Even the successful exploitation of the giant vaca muerta, the dead cow in English, shale formation, has done little to stem the skyrocketing energy deficit. This is surprising given that geological body development is driving strong growth in oil and natural gas production in Argentina. In July 2022, total hydrocarbon production reached a new record of 1.46 million barrels per day, up 9.4% from the same month last year. This notable expansion in production was driven by a 12.8% increase in crude oil production to a new monthly record of 577,446 barrels per day, with petroleum liquids production accounting for 39.6% of Argentina’s hydrocarbon production, compared to 38.4% a year earlier. A solid increase in natural gas production, which rose 7.2% year over year to a record 140 million cubic meters, or 4.9 billion cubic feet per day, is the other driver of Argentina’s fast-growing hydrocarbon production.
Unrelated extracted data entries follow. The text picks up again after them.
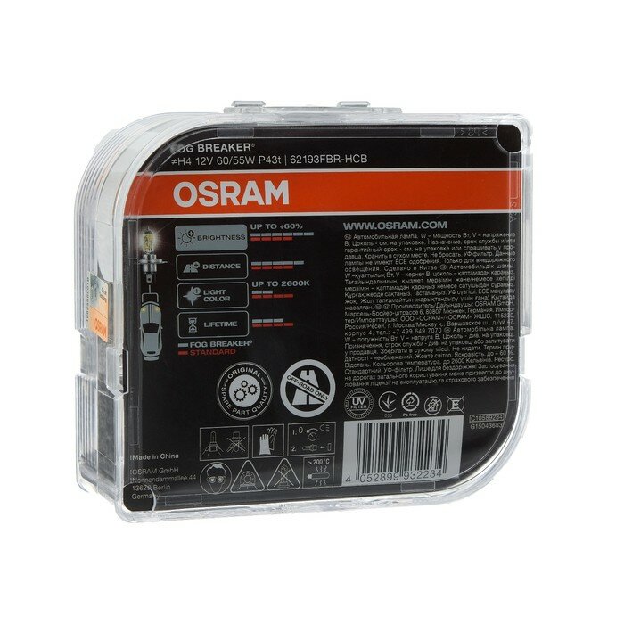 Лампа автомобильная Osram, H4, 12 В, 60/55 Вт, FOG BREAKER, набор 2 шт, 62193FBR-DuoBox информация: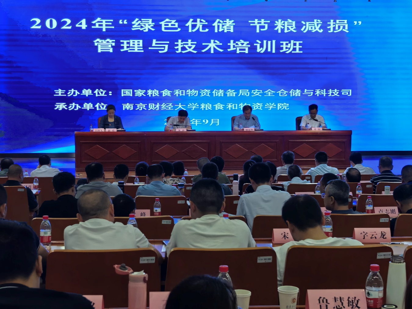 为学习贯彻党的二十届三中全会精神,深入推进粮食产后节约减损工作,进一步提升粮食行业仓储管理规范化和绿色储粮技术应用水平,9月11日至13日,国家粮食和物资储备局安全仓储与科技司在江苏南京财经大学举办“绿色优储 节粮减损”管理与技术培训班,会议由yl23411永利集团官网承办。国家粮食和物资储备局安全仓储与科技司司长周冠华,江苏省粮食和物资储备局副局长、党组成员李德,南京财经大学副校长张炳出席开班仪式并讲话,开班仪式由yl23411永利集团官网院长赵霞主持。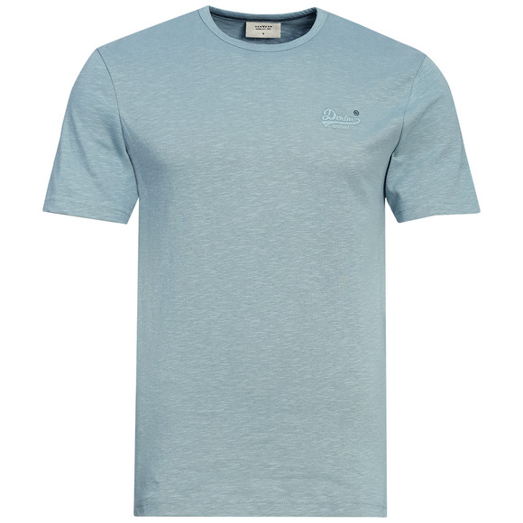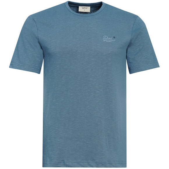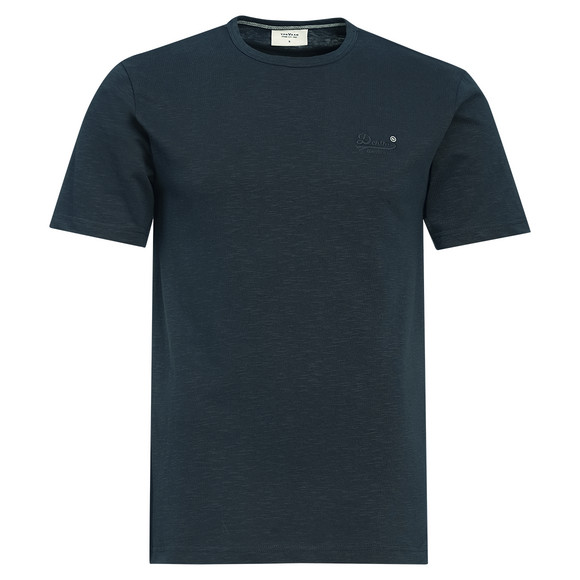 Donkerblauw T-shirt met vlammengaren en klein borduurwerk op de borst. Met ronde hals en rechte pasvorm.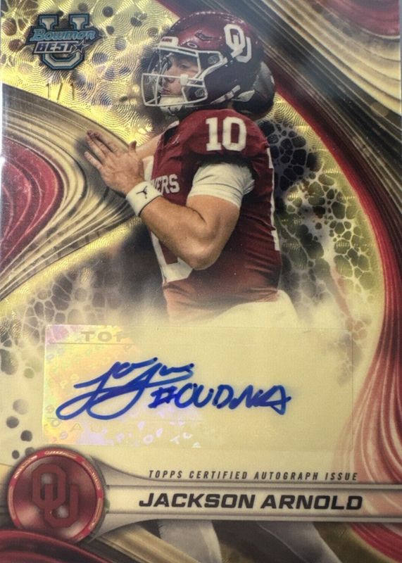 This card is 1 of 15 Jackson Arnold's card variations in the 2024 Bowman Best University set being tracked by Sports Card Investor, including Best of 2024 Autographs - Refractor, Best of 2024 Autographs - Pink Lava Refractor /100, Best of 2024 Autographs - Green Mini-Diamond Refractor /99, Best of 2024 Autographs - Yellow Refractor /75, and Best of 2024 Autographs - Gold Refractor /50.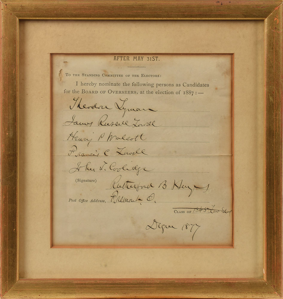 Partly-printed DS, one page, 5 x 5.25, dated 1887. Issued to the Standing Committee of the Electors, Hayes has signed and filled out a nomination form for the Board of Overseers of Harvard University, on which he lists the names of his nominations: "Theodore Lyman, James Russell Lowell, Henry P. Walcott, Francis C. Lowell, John J. Coolidge." Signed at the conclusion, "Rutherford B. Hayes, Freemont, O.," with Hayes striking through "Class of 1845 Law School" and adding "Degree 1877," the first year of his presidency. Matted, framed, and in very good to fine condition, with a bit of paper loss to the upper left corner and light toning to the perimeter.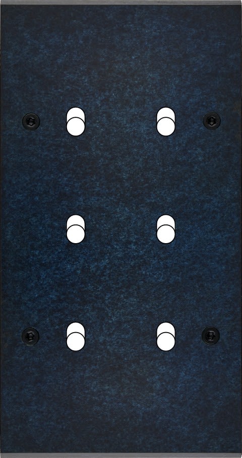 Façade Fascination en laiton massif finition Ombre double verticale 6 basculeurs à vis. Dimensions : 80x151x5mm, deux chanfreins biseautés. Fabriqué en France, dans les ateliers de Steaven Richard.

Increasing unconventional oil and natural gas production due to the successful exploitation of the Vaca Muerta is responsible for this rapid expansion of Argentina’s hydrocarbon production. Government data shows that shale oil production reached 247,007 barrels per day in July 2022, an impressive 47% more than the 167,994 barrels per day pumped in the same month last year. All-important shale gas production surged to a record 79.7 million cubic meters, or 2.8 billion cubic feet per day, a whopping 28% annually. As a result, shale oil now accounts for 43% of Argentina’s total oil production, compared to 33% a year ago, while shale gas accounts for 57% of total natural gas production, compared to 49% for the same period in 2021.
There are signs of solid production growth for Vaca Muerta. Drilling activity at Baker Hughes is increasing number of rigs This suggests that there were 53 active rigs at the end of August 2022, or two more than a month earlier, seven more than the same period in 2021 and four times the amount in August 2020. Fracking activity is growing at a remarkable rate and Data from the Department of Commerce shows a significant increase in completed drilling volume. In July 2022, the volume of completed exploration wells increased 34% compared to June 2022 to 4,229, while service wells drilled more than tripled month-on-month to 10,767. Argentina is focused on attracting more investment and further expanding hydrocarbon production significantly. A new natural gas pipeline has recently been put into operation, connecting Vaca Muerta with Buenos Aires, the country’s most populous city. In August 2022, Argentina’s controversial newly appointed economy minister, Sergio Massa, said he would introduce tax and tariff breaks for energy companies to attract more investment and accelerate the development of the vaca muerta.